[Opening Material for this task section]
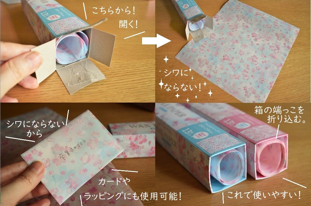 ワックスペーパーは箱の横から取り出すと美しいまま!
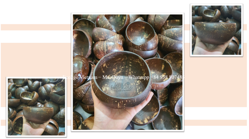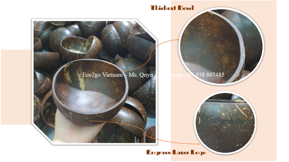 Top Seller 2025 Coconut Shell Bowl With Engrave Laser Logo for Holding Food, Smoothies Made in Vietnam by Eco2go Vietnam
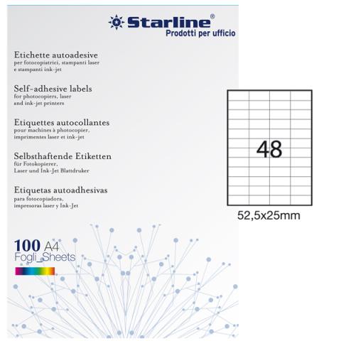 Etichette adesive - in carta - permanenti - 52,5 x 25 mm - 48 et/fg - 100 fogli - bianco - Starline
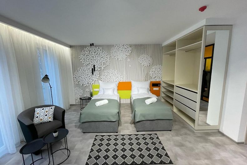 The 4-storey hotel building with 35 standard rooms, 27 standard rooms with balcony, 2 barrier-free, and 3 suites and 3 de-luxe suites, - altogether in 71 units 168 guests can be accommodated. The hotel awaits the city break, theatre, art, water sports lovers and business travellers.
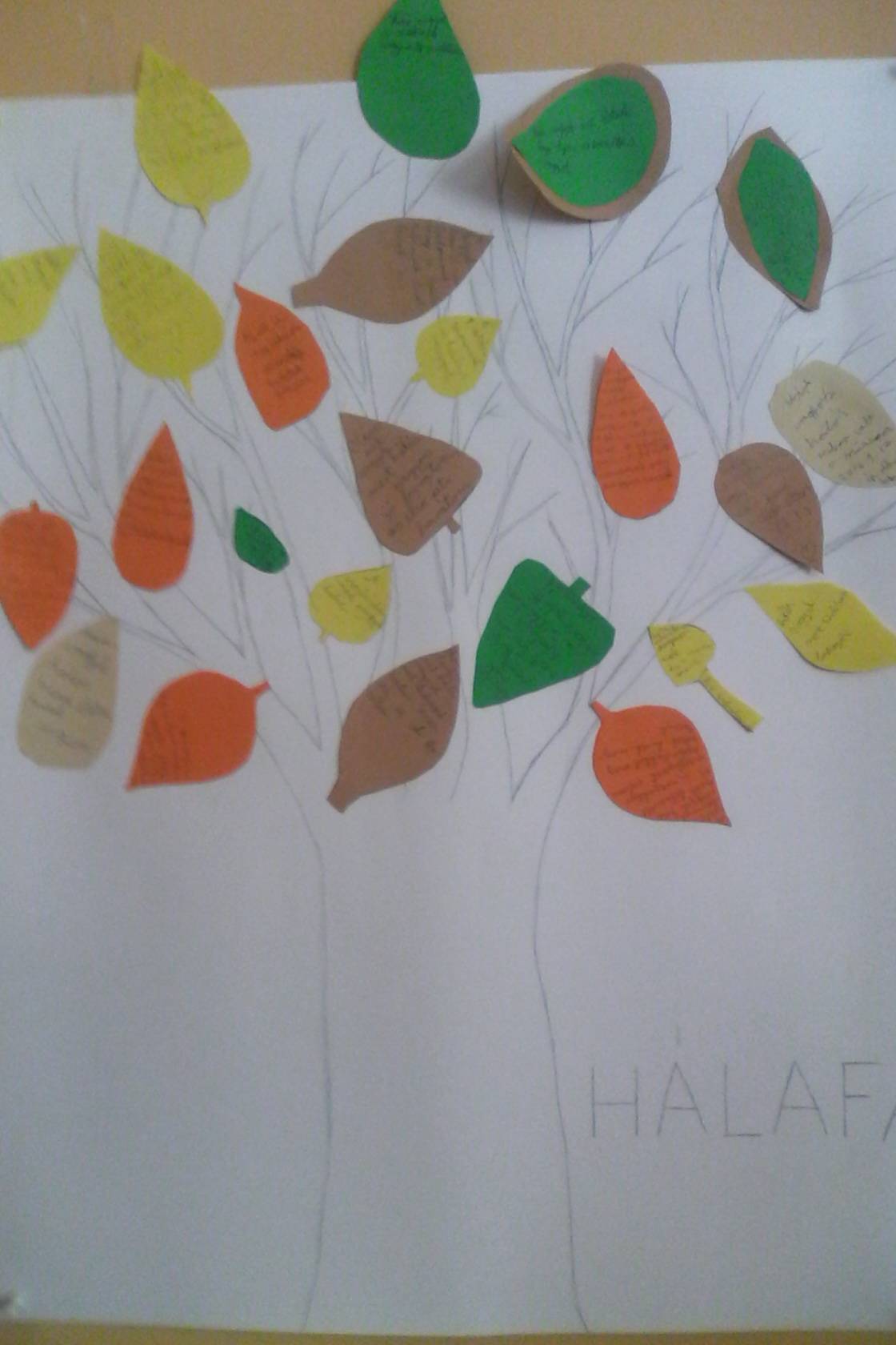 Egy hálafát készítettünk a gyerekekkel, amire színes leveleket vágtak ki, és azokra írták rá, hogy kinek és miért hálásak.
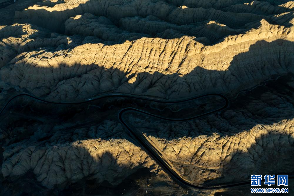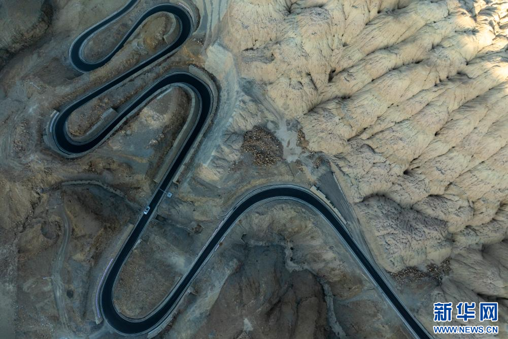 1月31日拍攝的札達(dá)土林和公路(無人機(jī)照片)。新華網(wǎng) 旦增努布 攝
[Closing Material for this task section]
* What is needed: All of the material above must be given again verbatim, except for the pictures.

* Exercise output:
 ワックスペーパーは箱の横から取り出すと美しいまま!
 Top Seller 2025 Coconut Shell Bowl With Engrave Laser Logo for Holding Food, Smoothies Made in Vietnam by Eco2go Vietnam
 Etichette adesive - in carta - permanenti - 52,5 x 25 mm - 48 et/fg - 100 fogli - bianco - Starline
 The 4-storey hotel building with 35 standard rooms, 27 standard rooms with balcony, 2 barrier-free, and 3 suites and 3 de-luxe suites, - altogether in 71 units 168 guests can be accommodated. The hotel awaits the city break, theatre, art, water sports lovers and business travellers.
 Egy hálafát készítettünk a gyerekekkel, amire színes leveleket vágtak ki, és azokra írták rá, hogy kinek és miért hálásak.
 1月31日拍攝的札達(dá)土林和公路(無人機(jī)照片)。新華網(wǎng) 旦增努布 攝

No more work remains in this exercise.